The American Sportfishing Association Government Affairs Committee consists of a Commerce Committee, Freshwater Committee, Saltwater East Committee and Saltwater West Committee. The members of the Committees are from the companies that ASA represents, NGO’s, federal and state agencies, and ASA staff. Before the meetings began I made a visit to speak with the fisheries staff for Senators Menendez and Booker and Congressman Pallone, thanking them for their support of the Modernizing Recreational Fisheries Management Act of 2017. We discussed other issues like offshore drilling, black sea bass and summer flounder. I had just gotten word from ASMFC that there was an appeal from some of the Northern states about the black sea bass quota.

At the ASA meetings, we have members from all regions of the country. There are CEO’s, tackle store owners, and groups like JCAA, all discussion that impact states from Alaska to Maine on saltwater issues. There are also discussions about freshwater fishing in all fifty states. The Commerce Committee discusses issues such as lead ban, soft bait bans, California’s extremely intrusive warning labels, some of which are designed by lawyers to the detriment of manufacturers.

The hot topic was the Modernizing Recreational Fisheries Management Act of 2017. The Fly Tackle Association came out against this bill even though every other major recreational organization and the NGO’s support it, including IGFA, CCA, RFA, JCAA and too many others to list. The Fly Tackle Association received their information from the same people who believe NMFS is doing a great job managing the summer flounder, scup, red snapper and many others. Many of the opponents want only catch and release. They believe that the experience should be enough without actually taking any fish home to eat. The opponents convinced Orvis to announce their opposition to the bill in a post on their webpage. We were planning actions against Orvis but Orvis must have gotten enough feedback that they changed their mind. The letter is no longer on their webpage. If you want a copy of their original letter, send me an email. To get more information about the meeting, go to the ASA webpage to find their press releases.

It was with mixed emotions that I attended the retirement party for Mike Nussman. Mike and I have known each other since the inception of ASA. In the early 90’s when I wanted to bring groups from Maine to North Carolina together to talk about making striped bass a gamefish, Mike was always eager to help. ASA would give us small grants to help defray some of the costs. He also started getting the industry to work with the NGOs and cemented the relationship between ASA and NMMA. Through his leadership, he put the American Sportfishing Association in the best financial position in its existence. Other trade associations look to ASA for how to make things work. I will miss Mike but it is time for him to enjoy his family and go fishing.

NOAA Recreational Summit

At the NOAA Summit you had representatives from all the states with saltwater regions.
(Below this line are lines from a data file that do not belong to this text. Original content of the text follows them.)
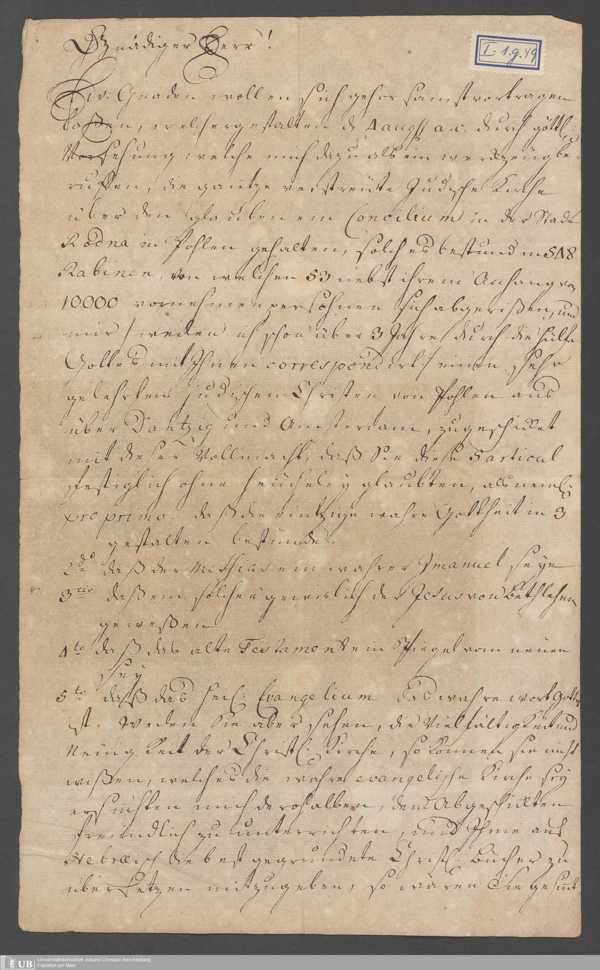 Na 31 Nachlass Johann Christian Senckenberg, 110 - Briefe an Johann Christian Senckenberg von verschiedenen Absender (A-D) (p. I.1.g.49)
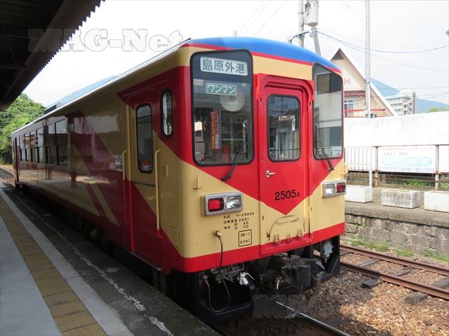 黄色い車体の島原鉄道ですが、このときやってきたのは赤とベージュの急行列車、これも島原鉄道の独自色です。
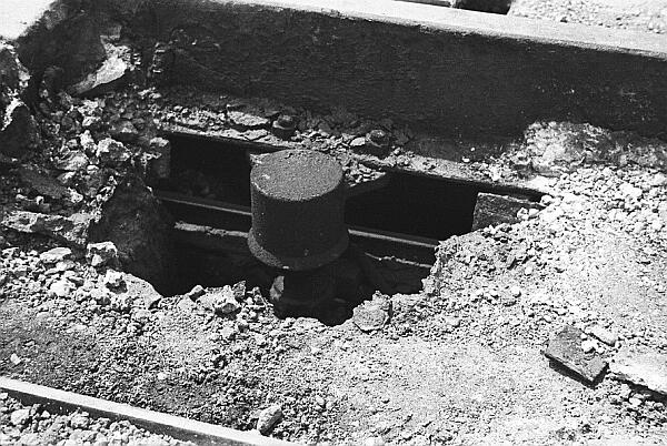 The tracks of the turnout are supported on concrete pillars: some can be seen on the right of the photo. The power rails have to be switched as well as the running rails: I don't have any photos of this (see the London Transport Museum for a working model) but you can see one of the double-yokes (NOT double-yolks) used where the tracks deviate.
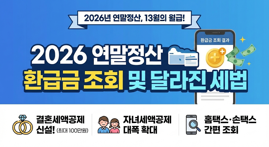 #연말정산 #환급금조회 #2026연말정산 #개정세법 #결혼세액공제 #자녀세액공제 #홈택스 #손택스 #13월의월급 #직장인세금
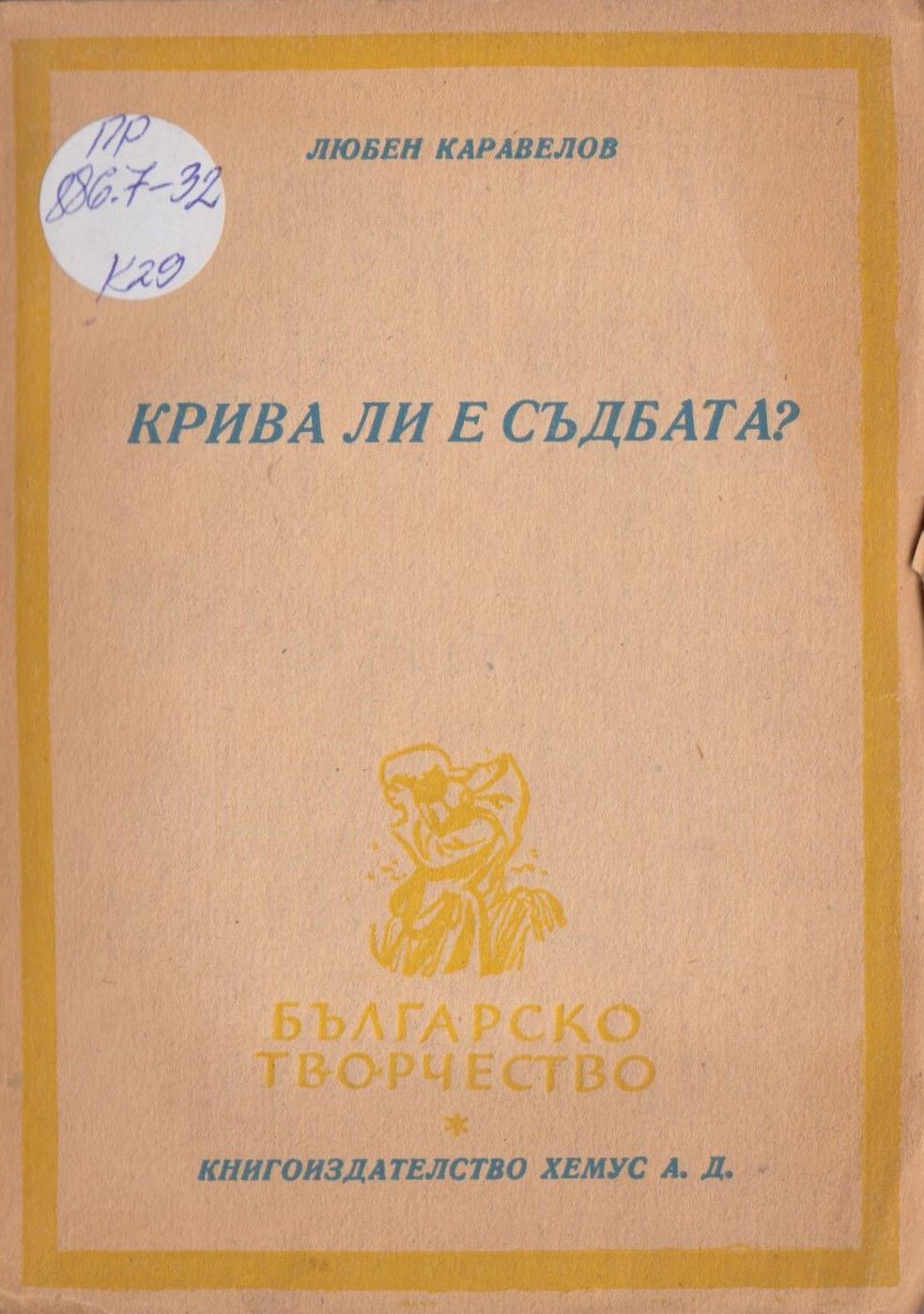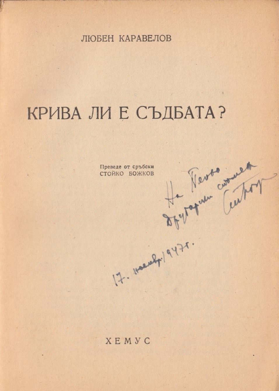 Каравелов, Любен. Крива ли е съдбата? / Любен Каравелов ; Прев. от сръб. Стойко Божков. - [София] : Хемус, [1946]. - 139 с. ; 25 см.
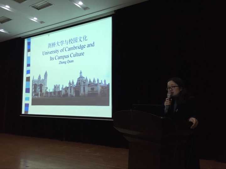 张权教授首先从剑桥大学的基本情况、学院构成、建筑风格、世界影响力方面让我们对世界名校有了初步认识,接着又给我们介绍了剑桥历届的著名校友,比如牛顿、达尔文、霍金这些我们耳熟能详的生物学家、物理学家们。拜伦、徐志摩等著名诗人和他们的代表作。张权教授还分享了自已创作的才华横溢的剑桥散拾。接着张教授给我们普及了剑桥一些有趣的名称和说法的含义和由来。最后,张教授给我们描述了剑桥大学丰富多彩的校园生活并寄语祝福勉励现场聆听讲座的500多名在校大学生们,珍惜在校时光,勤奋学习、奋发有为,勇于创造、开放创新!
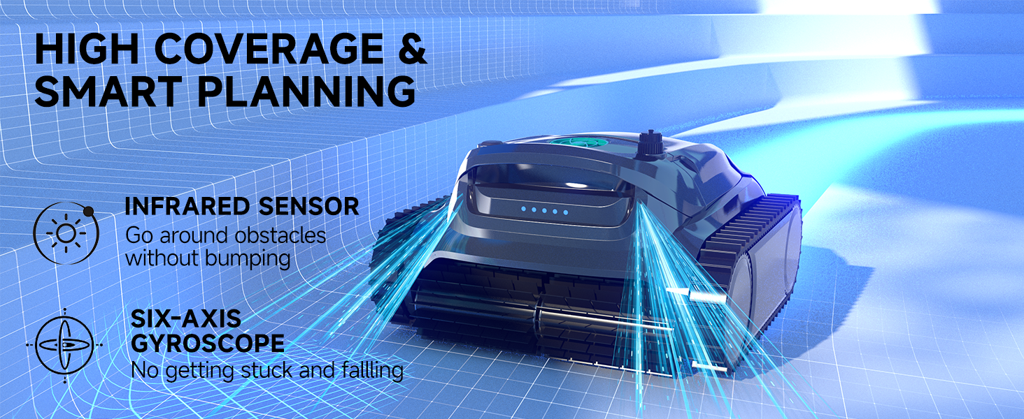 App Control & Wide Coverage: Schedule cleanings and control cleaning directions remotely via the app. 300-Minute Continuous Operation, Cleans pools up to 4,305 sq.ft on a single charge—perfect for large pools, resorts, and hotels.

I spent much time with the Hawaii representatives talking about how differently their recreational fisheries are managed. There were many interesting panel discussions. We also had representation from the recreational fly community that again supported NOAA’s fisheries management decisions.

Three of the people promoting the fly fishing philosophy were two past Council members and one current Council member from New York. One is still a proxy to ASMFC from New York. They missed an opportunity to support not raising quotas. I find it extremely interesting that they have no problem gong after New Jersey’s quotas on black sea bass and summer flounder. As Paul points out in his article, they continue to poach our quota. They never go after the real problem, the restrictive quotas on summer flounder and black sea bass which are based on faulty science. Please read Paul Haertel’s article below.

I think one of the most exciting presentations was from Kelly Denit & David Van Voorhees, Ph.D. They are co-chairing the statistical committee that is looking at how to rectify the discrepancy between the mail-in and phone statistics on recreational trips. The mail-in surveys are showing more participation. My concern has been once we got numbers that were higher they would be used to decide we were overfishing. From their presentation, it does not seem that is the intent. They are using both sets of figures and determining that we have underestimated participation and therefore underestimating the stocks. That could lead to adjustments to previous stock assessments. I have been pointing out this problem since in 2003 New York had a statistical jump in recreational participation because of better data collection, not more anglers. NMFS refused to consider this data then, just decided New York was overfishing. I am hopeful that this new procedure will have a positive impact on how decisions are made. I think Kelly and Dave are finally getting it right.

Wilbur Ross, Secretary of Commerce, was a keynote speaker. He talked about fishing as a kid on the Jersey shore. He said his two biggest fisheries accomplishments thus far were dealing with the red snapper issue last year in the Gulf and dealing with New Jersey’s problem with the summer flounder regulations. Michael Pentony, the new head of GARFO, attended the meeting and we had an opportunity to discuss greater outreach to recreational anglers from Maine to North Carolina. Since he is a Point Pleasant boy, I am hoping he will return for the JCAA dinner.

After talking with people from many different saltwater regions, I found the common thread is that we need more accurate recreational catch data. We also need better stock assessments. When I complain about NMFS, I never complain about scientists doing their jobs. Unanimously, they would like better data so they could make more accurate estimates of stocks and recreational participation. It is clear that Congress needs to budget the money for more accurate data. Hopefully, under this new administration this will happen. I have been hopeful with every administration since 1980 and have yet to have my hopes realized.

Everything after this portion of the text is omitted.